A friend of mine recently went to the medical clinic she’s been going to for 12 years to get her annual physical and renew her prescription for birth-control pills. She was surprised when the nurse practitioner refused to write it.
Citing her age (42) and smoking habit as risk factors for blood clots, the nurse told her that prescribing the pills would create a liability problem for her and the clinic.
The clinic, Ingersoll Family Physicians, which is part of Iowa Health Physicians in Des Moines, blanketly denies the pill to women over 35 who smoke, the clinic administrator confirmed to me.
My friend has been taking the pill the whole time, including the seven years she’s been over 35. Different practitioners have treated her, all have explained the risks and emphatically encouraged her to quit smoking, but let that choice be hers.
It’s a risk she’s willing to take. She doesn’t want more kids. Besides providing birth control, the pill is the only thing she’s found to ease her severe, “life affecting” hormonal problems.
So she took her business to another doctor, who wrote her a prescription. Of the nurse, she says, “She was very obviously more concerned about her own liability and her own values than my own informed judgment and health-care needs.”
An Iowa Health spokesperson didn’t answer my questions about whether the policy is an insurance company dictate, but the chief operating officer of Planned Parenthood of Greater Iowa was clear on why it has the same policy, which she says is fairly standard nationwide.
“If your insurance company that provides liability insurance says, ‘Don’t do that,’ you don’t do that,” said Penny Dickey. “Ours is very clear on what we can and can’t do.”
Shouldn’t adults in consultation with doctors have the right to make their own medical choices? My friend wondered whether the nurse considered the risks of getting pregnant at 42, both to her and the fetus, such as the dramatically higher risk of Down syndrome and spina bifida.
The Ingersoll clinic administrator forwarded me guidelines from the American College of Obstetrics and Gynecology, listing what it considers acceptable and unacceptable risks.
My friend, as a light smoker with no family history of blood clots, should fall in the “acceptable” range. But the clinic takes a “one size fits all” approach.
“Of course, it is more risky to be pregnant and smoking than to be on a birth-control method,” acknowledged Dickey. “But being a provider that gave you that method could lead to a problem for the provider” – namely lawsuits. “Even though they (patients) say, ‘Yes, I understand the risk,’ doesn’t prevent them from suing us.”
Why not have them sign a liability waiver? My friend says the nurse finally agreed to give her a one-month supply of pills to tide her over if she signed a waiver. She did, and wonders why she couldn’t have that option with a regular prescription.
Granted, the already exorbitant cost of health care goes up when people engage in risky behavior such as smoking. That’s why health insurers add a surcharge for providing coverage to smokers.

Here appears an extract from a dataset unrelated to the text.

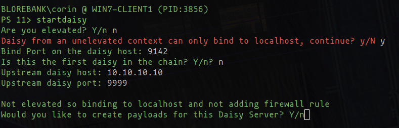 To help with this, we’ve added a wizard. Simply run startdaisy from the implant you want to use as the daisy server and it will guide the operator through the different options and situations before starting the daisy server on the current implant, and generate new daisy payloads that can be used to connect to this instance.

But not allowing doctors to weigh patients’ individual circumstances because of a blanket insurance dictate undermines the quality of treatment they can provide.
On top of that, you have to worry whether it’s even safe to confide certain information to your doctor or whether it will end up in insurers’ hands.

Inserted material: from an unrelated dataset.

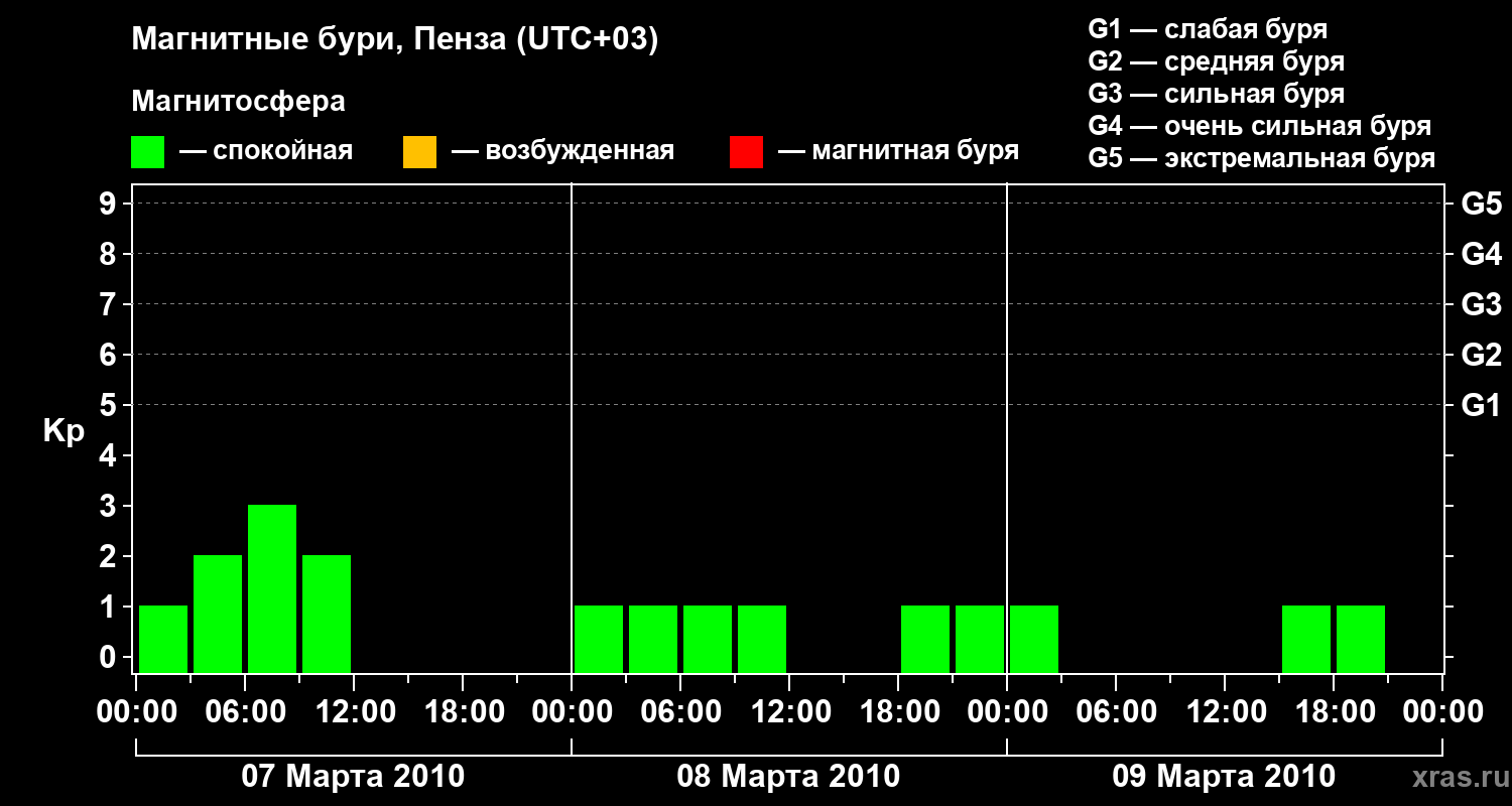 Изменения геомагнитного индекса Kp с 7 по 9 марта 2010 года для средних широт

Someone else I heard from said she admitted smoking pot to a physician’s assistant, who wrote it into her medical records, where it was seen by a life-insurance provider, which used the information to deny her increased life insurance.
Your doctor, of all people, needs to know the whole truth – and consider the whole picture – when treating you. It’s going too far when insurance companies can interfere with that.